Any bar worth its salt delivers a good burger. Salt was almost all we could taste in the one here ($16). A pity, really, since it had everything else going for it — a thick, decadently juicy patty with fully melted cheese; tangy pickles; a nifty house-made French onion mayo; quality bun; and a mound of excellent fries.

The lobster bao bun ($15) lost ground from an overpowering bacon soy glaze.

DESSERT: The finely textured flan ($8), with a Creamsicle-conjuring taste and a caramel topping, would be more appealing if the sweetness were dialed back (the pine nuts on the plate were a great touch, though).
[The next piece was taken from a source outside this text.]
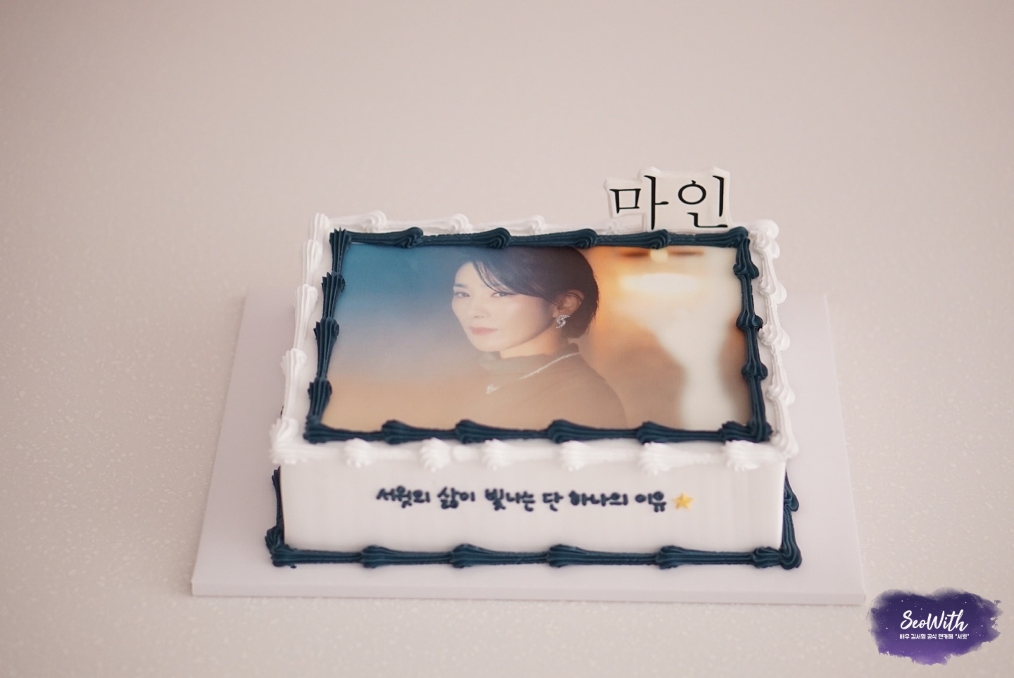 배우님의 얼굴이 크게 담긴 이미지로 케이크를 제작하였습니다.
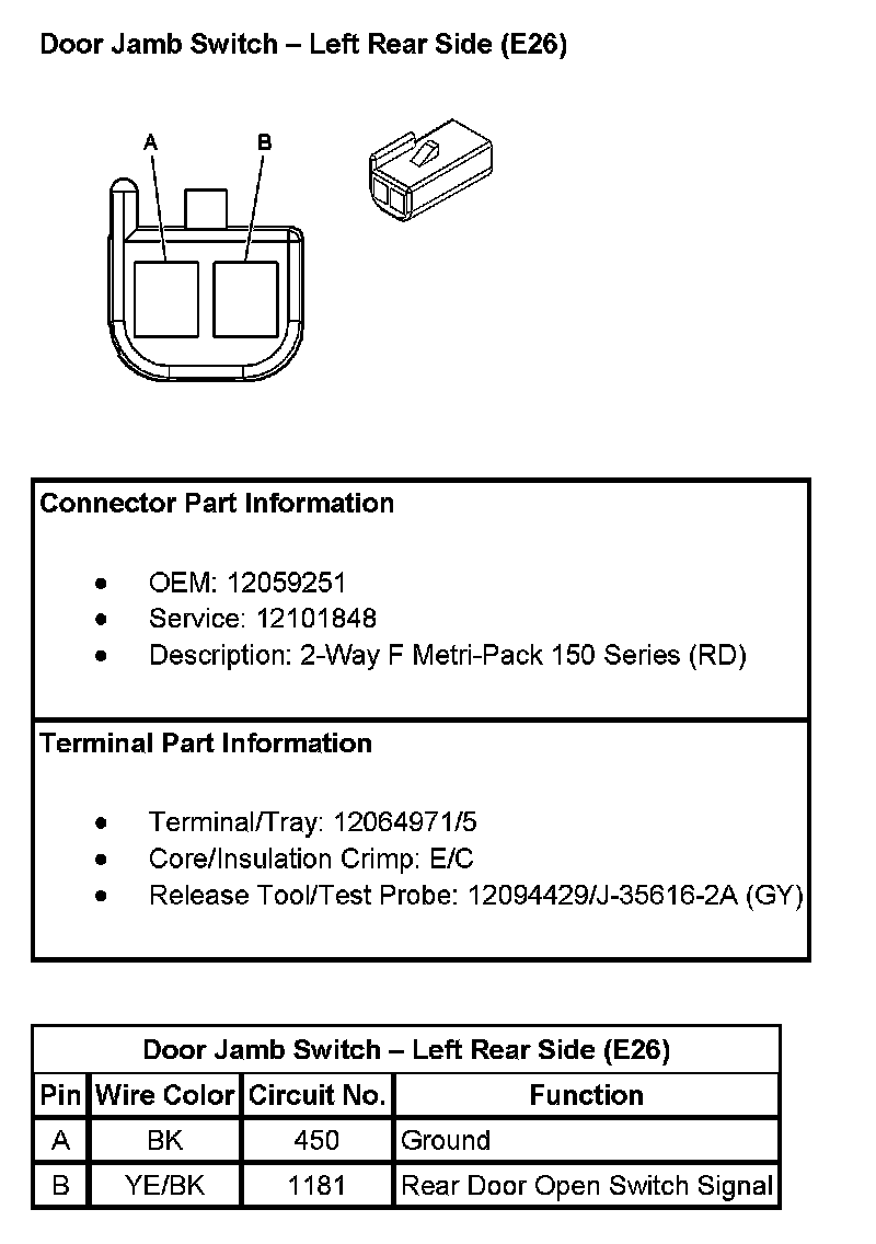 Door Jamb Switch - Left Rear Side (With RPO Code E26):

Cookie dough fanciers will get their fill with the “spilt milk and cookies” ($6), wryly served stuck to a beater.

DRINKS: Given the classy redo of the place, it seemed odd to see female bartenders wearing adult-club-style outfits, and disappointing to find the drinks they made were a little skimpy on the alcohol.

The house cocktails entertained, nonetheless, especially the “poptail” ($10), a refreshing blend of prosecco and St-Germain liqueur, with a tropical-flavor Popsicle placed in the middle.

The Charles martini ($11) has a little too much going on — honey-inflected Barr Hill gin, grapefruit, lemon, thyme simple syrup, cardamom bitters, club soda, egg white — but the imprint of the restaurant’s logo floating on top of the liquid makes it all go down smoothly.

SERVICE: At every turn, we encountered convivial staffers.

The Charles

Backstory: What started in 2003 as the boisterous Mad River Bar & Grille closed a year ago for a makeover and reopened last October as The Charles (a name long in use among Baltimoreans as shorthand for the Charles Theatre in Station North).

Signature dish: Nashville hot avocado

TVs: Five behind the bar

Where: 1110 S. Charles St., Federal Hill

Contact: 410-727-2333, thecharlesbaltimore.com

Open: 4 p.m. to midnight Monday to Thursday; 4 p.m. to 2 a.m. Friday; 10 a.m. to 2 a.m. Saturday; 10 a.m. to midnight Sunday

Credit cards: All major

Handicap accessible: Yes

Bottom line: The Charles is a friendly, handsome place with an imaginative menu that a little more fine-tuning could make into an even bigger draw.